I was only seeing failures related to the JIT'd java/lang/invoke/LambdaForm$DMH/0x<addr>::invoke...
methods (failed reliably with -Xjit:limit
set to only compile those methods; reliably completed successfully with -Xjit:exclude
of those methods).
However, I was seeing a couple different failures. Most of the time, it failed similarly to the above report. But sometimes, it would fail during the compilation of those methods rather than during execution of the compiled method.
I also tested disabling many (as many as I could) optimizations via the -Xjit:disable...
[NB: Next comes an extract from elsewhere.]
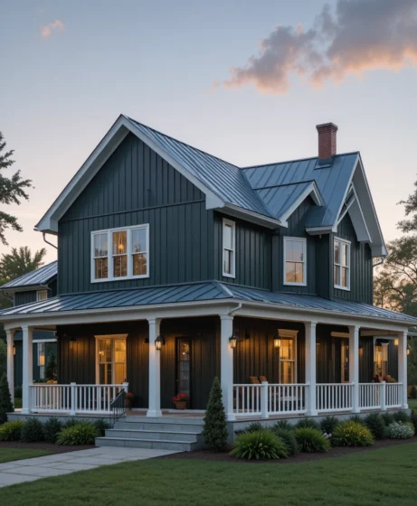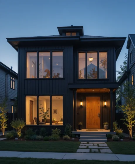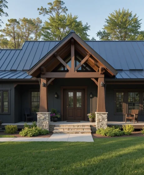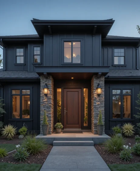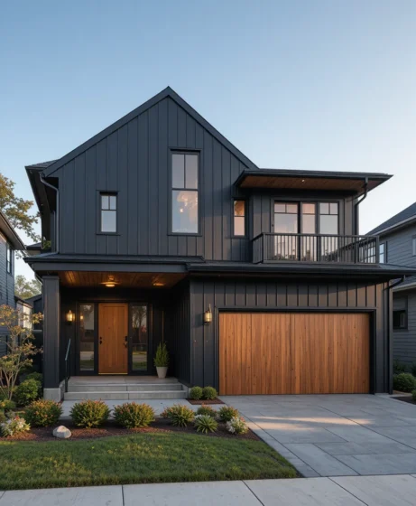 By combining dark colors with natural wood accents, stone textures, metal roofing, and thoughtful landscaping, homeowners can create a balanced and visually striking exterior.
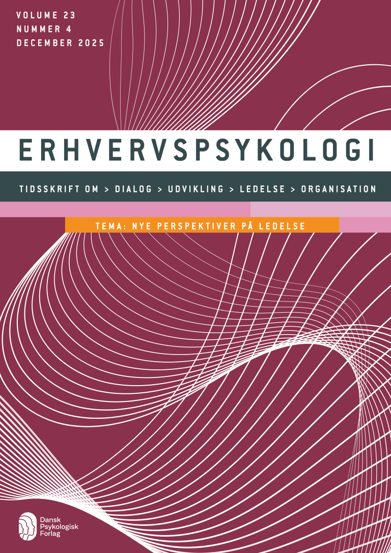 ERHVERVSPSYKOLOGI er et tidsskrift om den psykologiske dimension i arbejdslivet, hvis formål er at inspirere og opfordre til en velfunderet og mangfoldig dialog om psykologisk tænkning og metode.

options. I wasn't able to pinpoint blame to any optimization; any compilation of the method resulted in a failure. My initial hunch was that something was awry in the i2j transitioning, but that wouldn't explain the failures during compilation.
Whoever picks this up, reach out to me. I have documented a lot of what I had done to triage and may have some more information that would help.
@nbhuiyan, assigning to you as you suggested. Thanks!
Internal build - head stream with OpenJDK method handles enabled win22x86-svl-rt4-1
Diagnostics were created but not archived.